- Film poster
- Directed by: James Rabbitts
- Written by: James Rabbitts
- Produced by: Samuel Pinczewski
- Starring: Tabrett Bethell Freya Stafford Andy Whitfield Clare Bowen Marshall Napier Liz Alexander Sophie Lowe Adrienne Pickering Anni Finsterer
- Cinematography: Brad Shield
- Edited by: Ryan Boucher
- Music by: Jason Fernandez Kirke Godfrey Angela Little
- Production company: The Little Film Company
- Release date: 25 July 2010 (Melbourne);
- Running time: 94 minutes
- Country: Australia
- Language: English

= The Clinic (2010 film) =

The Clinic is a 2010 Australian horror thriller film written and directed by James Rabbitts, shot in Deniliquin, NSW, Australia. and follows six abducted women and their newborn babies.

==Plot==
Mother-to-be, Beth, is travelling with her fiancé Cameron. After narrowly avoiding a road accident, they stop at a motel in a small town. Cameron returns from a stroll to find his fiancée missing. After being arrested for attacking the motel owner, he attempts to escape but is killed in a car crash.

Beth awakens naked in a warehouse, in a bath tub filled with ice, with a C-section scar and realises her baby has been stolen. She wanders outside, where she finds three other mothers who have also had their unborn children surgically removed. They find another woman, barely alive, with her womb surgically opened, who declares her child to be 'blue'.

The mothers discover that their babies are alive and locked in cages, each with a coloured clip matched to a tag sewn inside their true mother's abdomen. The only way to match the mother to the child is to remove the tag from their abdomens, which will lead to death by blood loss. One of the mothers decides to kill the other women and find her baby through the process of elimination. One by one, they are picked off until Beth catches and fatally injures the woman. She threatens to drop the remaining tag down a hole unless Beth promises to take care of her baby. After the woman dies, Beth discovers that the babies are no longer in their cages and she is knocked out by an unknown assailant.
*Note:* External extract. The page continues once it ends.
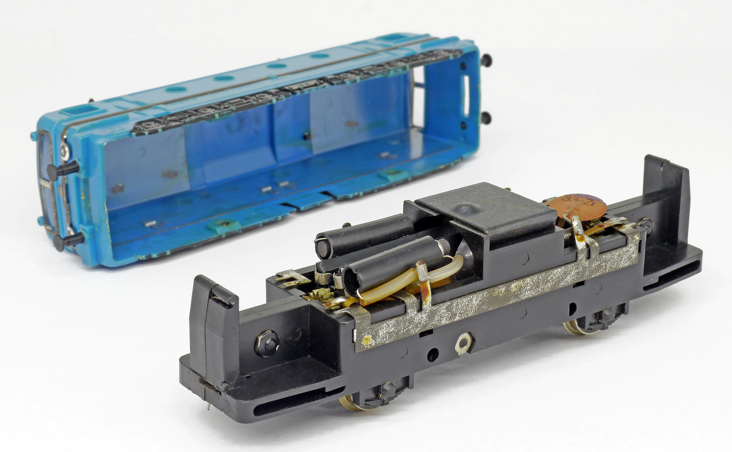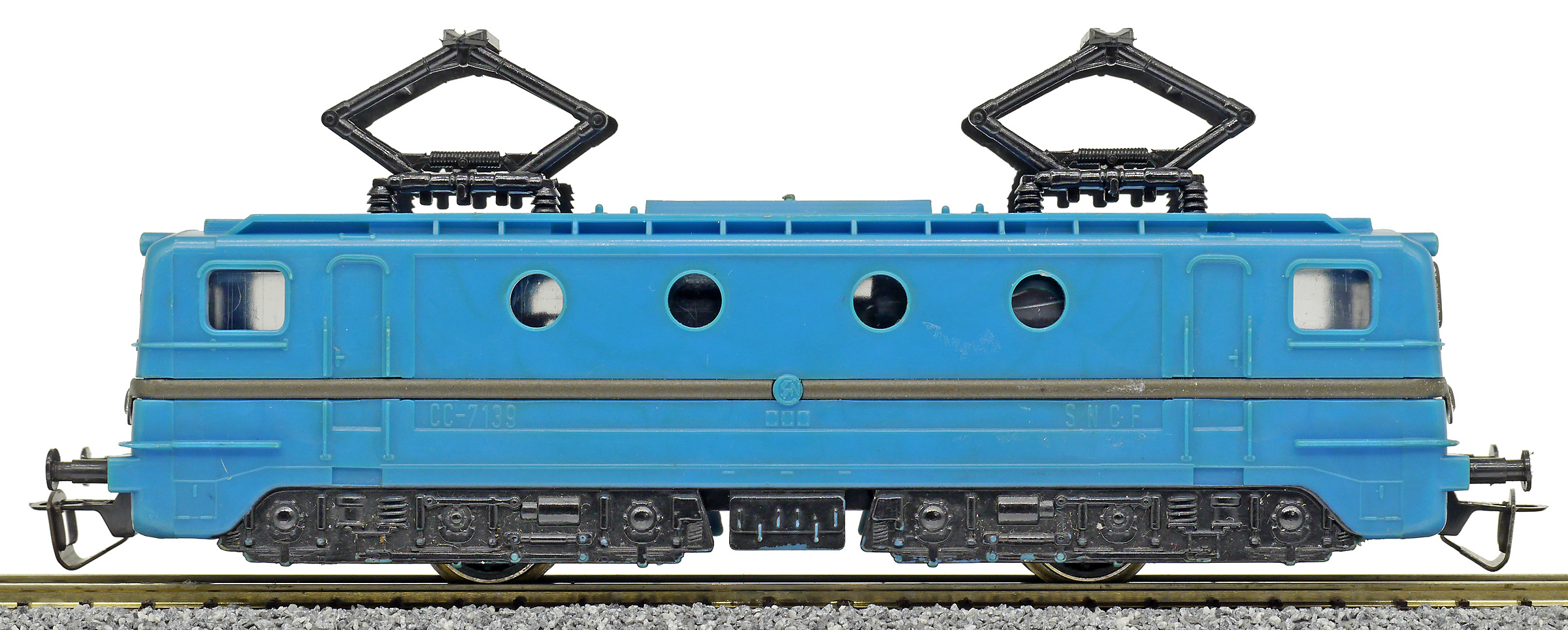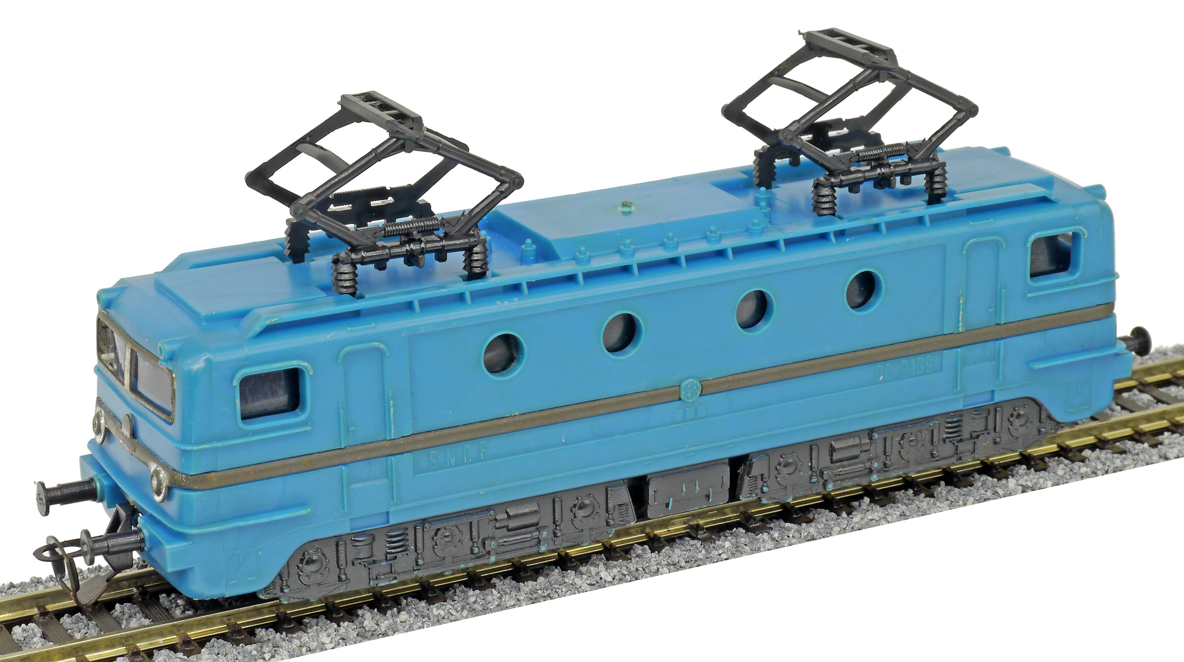 | elektrická lokomotiva, různé barvy plastu, černé plastové pantografy a černá imitace pojezdu |

Beth regains consciousness and finds herself chained to the floor, with a Russian couple inspecting her baby. They reveal the scam: prospective parents receive a baby to adopt based on their mother's performance in the experiment – the winning mother's child being the one set for adoption. The woman running the operation flees with Beth's baby. Beth frees herself and confronts her, only to discover that she herself was picked up as a baby from this facility by her own adoptive parents. Beth takes revenge on the woman and escapes with her child. Months later, she visits the grave site of her biological mother and goes to meet the man she believes to be her biological father.

==Cast==
- Tabrett Bethell as Beth Church (DCVIII, Violet)
- Freya Stafford as Veronica (DCVII, Yellow)
- Andy Whitfield as Cameron Marshall
- Clare Bowen as Ivy (DCVI, Orange)
- Marshall Napier as Officer Marvin Underwood
- Liz Alexander as Ms. Shepard
- Sophie Lowe as Allison (DCV, Green)
- Boris Brkic as Hank
- Marcel Bracks as Duncan Shepard
- Adrienne Pickering as Jane Doe (DCIV, Red)
- Anni Finsterer as Locker Room Woman (DCIII, Blue)
- Cecily Polson as Woman on perch
- Harold Hopkins as Grave digger

==Release==
The film was screened in the USA on 4 November 2009 at the American Film Market. Another screening followed on 10 October 2010 at the ScreamFest Horror Film Festival. The movie received mixed reviews.

==Reception==
The Clinic received generally negative reviews from critics and audiences.

===Accolades===
Tabrett Bethell was nominated for Best Actress at the Fangoria Chainsaw Awards in 2012.